Vita crouched, utterly still, rain dripping off her face. She was aware it was not a game.

The voice came again; it was impossible to tell from exactly where. ‘Just give us that ring, and everyone gets to go home.’

The four faced one another amid the leaves.

What are we going to do?’ breathed Silk. There was a crackle of panic in her voice. ‘We can’t outrun them.’

‘Yes you can,’ whispered Vita, for the men were unfit, built for muscle not speed. ‘Only I can’t. You should go! They’re only interested in me.’

Arkady snorted. ‘Don’t be ridiculous.’

Vita cast a desperate look into the Park. The path forked ahead, leading to one wide footpath and one narrow one. The autumn leaves had fallen so thickly they almost hid the manhole cover in the middle of the narrow path.

The same manhole cover down which Dillinger had disappeared.

‘If you come out now,’ came a voice through the dark, beyond the trees, ‘we’ll be in a much better mood than if you come out later.’

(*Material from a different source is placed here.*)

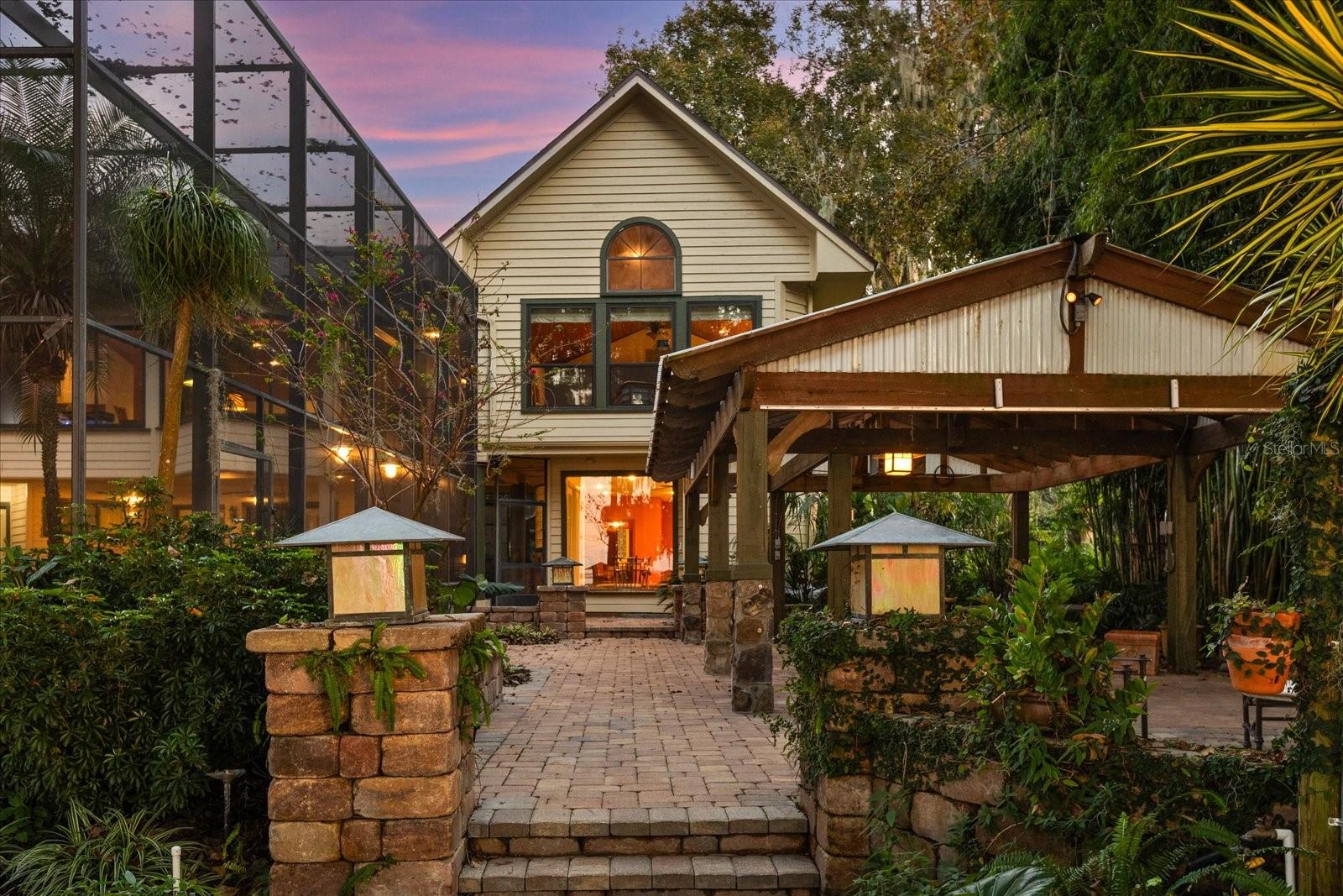 Experience breathtaking sunsets over Lake Dora, a prized gem of the Harris Chain of Lakes, from this exceptional luxury estate where over 120 feet of pristine shoreline set the stage for an elevated waterfront lifestyle. Set on approximately 0.76 acres within the impressive Squirrel Point community, the property blends elegance and tranquility in a setting designed for both beauty and relaxation. A private boathouse and dock with boat lift provide effortless access to the water, inviting spontaneous afternoons on the lake and memorable cruises with friends and family. Outdoor living is nothing short of extraordinary. A spacious screened-in lanai overlooks the lake and showcases a resort-style pool, hot tub, and fully equipped summer kitchen complete with a gas grill, smoker, sink, and refrigerator—ideal for entertaining or unwinding at the end of the day. Beyond the lanai, an expansive paver patio extends the outdoor experience with both a covered pavilion and open-air seating areas, creating versatile gathering spaces for everything from lively celebrations to quiet evenings by the water. Lush, mature landscaping envelops the property, enhancing privacy and transforming the grounds into a tranquil retreat that feels worlds away while remaining conveniently connected. Designed to maximize the views, the main living spaces are elevated on the second floor, where soaring ceilings and expansive windows in the living and dining rooms frame the shimmering waters of Lake Dora. The living room is anchored by a wood-burning fireplace, adding warmth and character to the refined setting. The open kitchen is both stylish and functional, with ample space for a breakfast table—perfect for relaxed mornings with the lake as your backdrop. The home features a thoughtful and flexible layout with two primary suites—one upstairs and one downstairs—each serving as a private retreat. The downstairs primary bathroom was remodeled in 2022, as was the bathroom in one of the additional bedroom suites. Three additional bedrooms, an office, and multiple gathering spaces provide comfort and versatility for family and guests alike. A spiral staircase connects the upstairs primary suite to an entertainment room below, complete with a wet bar and full bathroom, and offering direct access to the lanai and pool area—an ideal setting for hosting or relaxed evenings by the water. Practical luxury continues with a 22kW Generac whole-house generator, three recently replaced A/C units, and three water heaters, all replaced in 2025—delivering peace of mind alongside modern efficiency. By boat, enjoy an approximately 10-minute cruise to downtown Tavares, “America’s Seaplane City,” or to the charming historic streets of Mount Dora, celebrated for its exceptional dining, boutique shopping, and year-round festivals. Closer to home, Deer Island Golf Course—a privately owned, 18-hole championship course—is located approximately 3½ miles away and easily accessible by golf cart. Convenient access to Interstate 429 allows for effortless travel to Orlando’s business, shopping, and entertainment districts, as well as Florida’s east coast beaches. This is a home that must be experienced in person—schedule your private tour today.

‘Someone should scalp the little brat.’

The footsteps began to return towards them.

Vita looked again at the manhole cover. Then she crept, her left foot dragging through the wet puddles, water soaking into the red silk of her boot, and bent to grab the metal edge of it. She heaved. It lifted a quarter of an inch.

‘In here!’ she hissed.

Arkady stared at her. ‘Vita!’ he whispered. ‘That’s the sewer!’

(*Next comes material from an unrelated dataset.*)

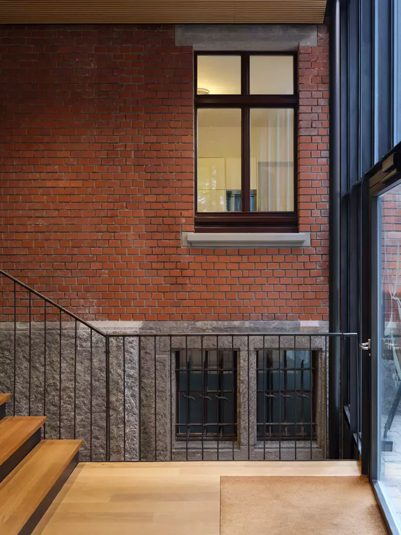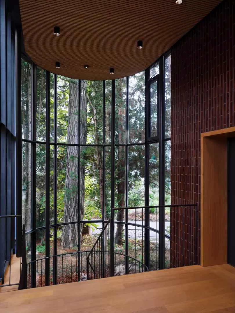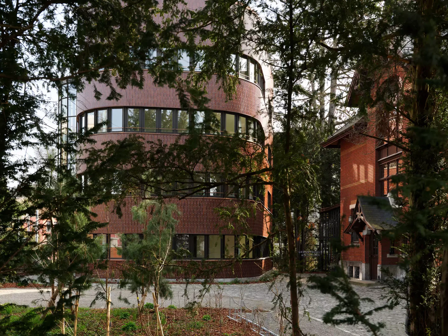 Die Umgebung der Villa und des Geburtshauses wird geprägt von einem geschützten Altbaumbestand auf gereiftem Boden dank jahrzehntelangem Laubeintrag. Die historischen Pflanzungen wurden epochengetreu wiederhergestellt und mit trockenheitstoleranten, standortgerechten Arten ergänzt. Durch eine sanfte Geländemodellierung wie auch über unterirdische Schotterrigolen gelangt das Dachwasser gezielt zu den Altbäumen. Die historische Natursteinpflästerung blieb, wo möglich, erhalten und wurde sorgfältig geschützt. Die ungebundenen Bauweisen der Beläge ermöglichen die lokale Versickerung des Regenwassers, womit der gesamte Garten den Grundsätzen der Schwammstadt und der Kreislaufwirtschaft entspricht. Das Grundstück erhielt im Norden einen neuen Mauerabschluss zur Bahnlinie hin – gestalterisch als repräsentative Weiterentwicklung der bestehenden historischen Einfassungsmauer konzipiert und in Klinker und Naturstein ausgeführt. Als prägnanter Abschluss der Parzelle fasst sie das Ensemble räumlich und verleiht dem Gesamtbild Geschlossenheit und Bestand. Der Dachgarten des Ergänzungsgebäudes wurde nach den Prinzipien der Schwammstadt gestaltet, was sowohl den Wasserhaushalt des Grundstücks als auch das urbane Mikroklima positiv beeinflusst. Der begrünte Dachgarten fügt sich dabei in das Bild des umgebenden Villengartens ein – das Ergänzungsgebäude wird so nicht nur räumlich, sondern auch ökologisch als Teil des Grüngürtels lesbar.
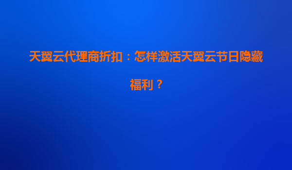 天翼云代理商折扣:怎样激活天翼云节日隐藏福利?

‘It’s not!’ She struggled with the disc of metal. It weighed as much as a grown man. ‘It’s OK. Come on!’ she said to the manhole cover, and heaved again.

‘How do you know?’

‘I saw someone else do it. That man, Dillinger.’ Their faces were loose with astonishment. ‘Here, help me, one of you! – I can’t lift it.’

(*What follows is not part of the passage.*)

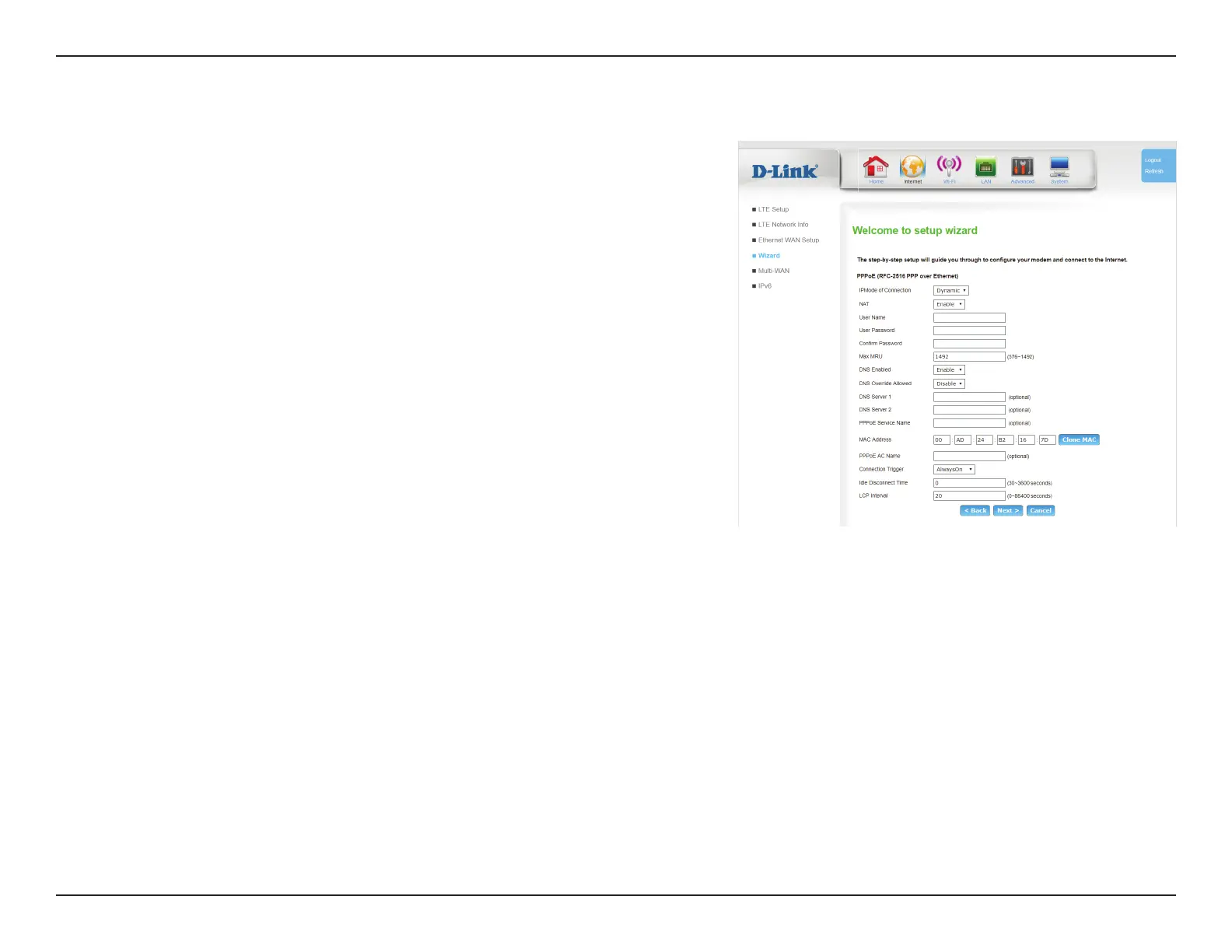 If you previously selected PPPoE (RFC-2516 PPP over Ethernet), ll in the below

All three scrambled to her side and together they lifted the cover clear.

‘Quick!’ said Vita, looking back over her shoulder. They were out in the open, vulnerable.

Silk looked down, disgusted, at the cold blackness beneath their feet, but the burr of voices was coming closer. She set her foot on the ladder and disappeared into the dark. Arkady followed at a swift scrabble. Samuel gave Vita a push.

‘Go.’

Vita went as fast as she could, which was not fast, her left foot twisting and slipping against the metal rungs of the ladder set into the brick wall. An agonising pain shot up towards her knee.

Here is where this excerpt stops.